Friday, July 27, 2012

MAGIC MIKE and the Tantulus of easy money

The record-breaking temperatures in Toronto this summer have made movie theatres a welcome refuge.

Last Saturday night, my friend and I decided to go see MAGIC MIKE.  Channing Tatum, who stars in this picture, co-wrote the script based on his personal experiences as a male stripper.  The demi-monde of ambiguous and tawdry sexual relations ( Sex, Lies and Videotape, The Girlfriend Experience) is a place filmmaker Steven Soderburgh has visited before. In some ways, this script and his talents as a director and a shooter are a natural pairing. Here, he runs sexual desires and economic desperation together in yet another uneasy and unholy alliance.

The film begins with a scene of financial emasculation.  Adam is a 19 year old man who has shown great promise as an athlete.  Accepted to university on a football scholarship, he gets kicked out day one for hitting his coach. Now broke and sleeping on his sister's couch, he is reduced to scrambling for day labour as a roofer.  The pay is crap, the work is brutal and the boss makes Scrooge look like a reasonable guy.  With little education and few skills, our young hero's journey toward better prospects is not going to be an easy one.

Fellow roofer Mike is saving to start a custom furniture business .  To facilitate this, he has a second job at night, taking his clothes off in front of women. It's fairly lucrative and easier than roofing. Adam starts peeling for a living and his nice boy good looks and buff bod make him an instant hit with the college girls and middle aged ladies who come to watch his act in Tampa. He becomes a professional party boy in a tourist town that loves a good time.

This role reversal: mostly young men stripping for mostly young women initially gives the film a kind of innocence.   Soderburgh, perhaps wanting to curry favour with a straight(er) audience or perhaps wanting to ignore the fact that gay or straight, it is mostly men who pay for sex of every sort, avoids that territory entirely.

As the story progresses, the level of dis-inhibition required by such a public display of sexual desire on the part of both the spectators and the dancers is frequently arrived at through the use of drugs.  This leads to the usual unhappy and dangerous consequences.

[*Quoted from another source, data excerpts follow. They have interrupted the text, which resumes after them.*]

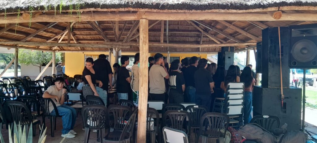 El evento cuenta con la presencia de jóvenes provenientes de Chepes, Patquía y Malanzán, entre otras localidades del sur provincial. En la imagen que acompaña esta nota puede observarse a militantes con remeras negras, identificados como congresales de la juventud de la zona sur, movilizados para respaldar la actividad política.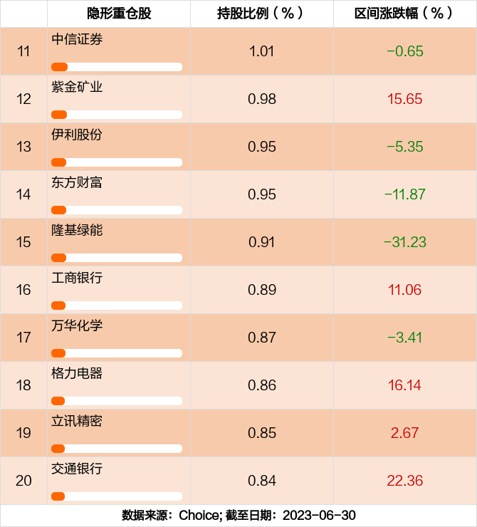 根据华夏沪深300ETF2023年半年报,该基金持仓比例排名11到20个股依次为:中信证券,紫金矿业,伊利股份,东方财富,隆基绿能,工商银行,万华化学,格力电器,立讯精密,交通银行。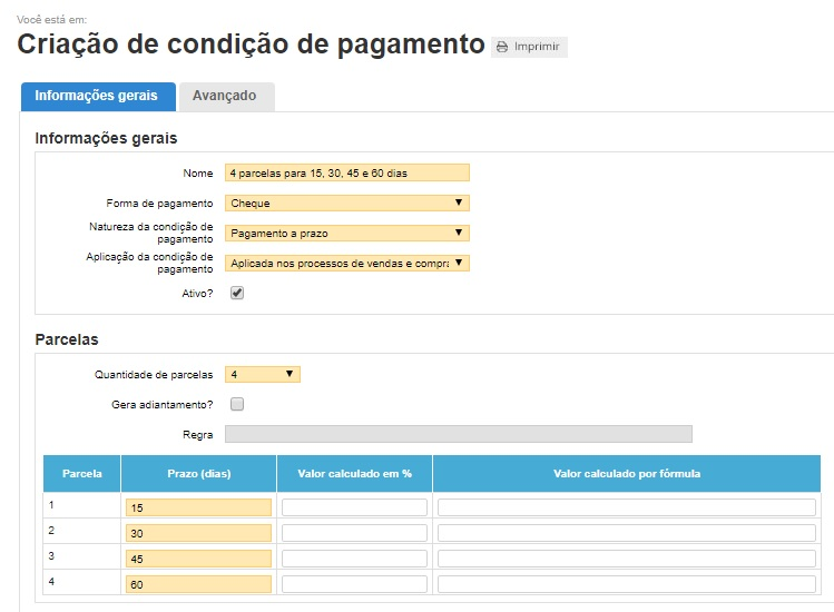 | Ativo | Marcar o campo para ativar a condição de pagamento |

The sinister and overheated glow Soderburgh bathes much of the film in taints everything it touches with the nasty chemical patina of a fake tan. The heat is on and it is both seductive and hellish.

Mike and Adam make a deal with the Devil in the form of strip club owner, Dallas. Matthew McConaughy  is riveting in the role of the MC/owner. He's the degenerate glamour of evil personified.  I've seldom seen a better depiction of a certain kind of narcissistic male: superficial charm on the outside and a sucking hole of need and entitlement on the inside that no amount of cash, coke or sexual adulation will ever fill.  The only person in the film old enough to be a parent to any of the young men who work for him, Dallas is a bad Daddy indeed.  He dangles the possibility of partnership in the club in front of Mike, then Adam with no intention of ever making them equals.  Dallas is as emasculating and enslaving as the business he's in. When he tears off his leather pants and flings his gilded body on the edge of the thrust stage of the nightclub, allowing girls to cover him with caresses and money, we feel the both his thrill in tantalizing and his terror. His performance is an act of supplication to the sure knowledge that he is at the end of his ephemeral and vacuous power, the thrall of his impossible and rapidly decaying beauty.

In MAGIC MIKE, all the jobs working class men used to do to command worth, respect and social currency:  the cowboy, the fireman, the construction worker, the cop, the military man are on offer as impotent parodies of themselves. Even the rebels, the biker boy and the beat box dancer, Magic Mike himself, are up for sale at the club.  The bad boys have become someone college girls and working women buy for the night before they go home to a boyfriend or husband with real career prospects.

When the military act comes onstage on the 4th of July, the U.S. Army is reduced to a tease, The men in uniform are a display of  hyper-masculinity that is really about currency extraction, as evidenced by the stuffed g-strings that end the dance. The film's metaphor is complete: this is America as strip club, a glossy, sexed-up spectacle of ersatz male dominance, offering only an illusion of power, the tropes of masculinity devoid of potency or command.

Of course the army is the only other real employment option for these young men and the theatre of war is no jiggle show. However there is no more moral certainty in taking up the gun abroad than there is in pretending sexual desire for money. The choice on offer for these men is a choice between rings in hell.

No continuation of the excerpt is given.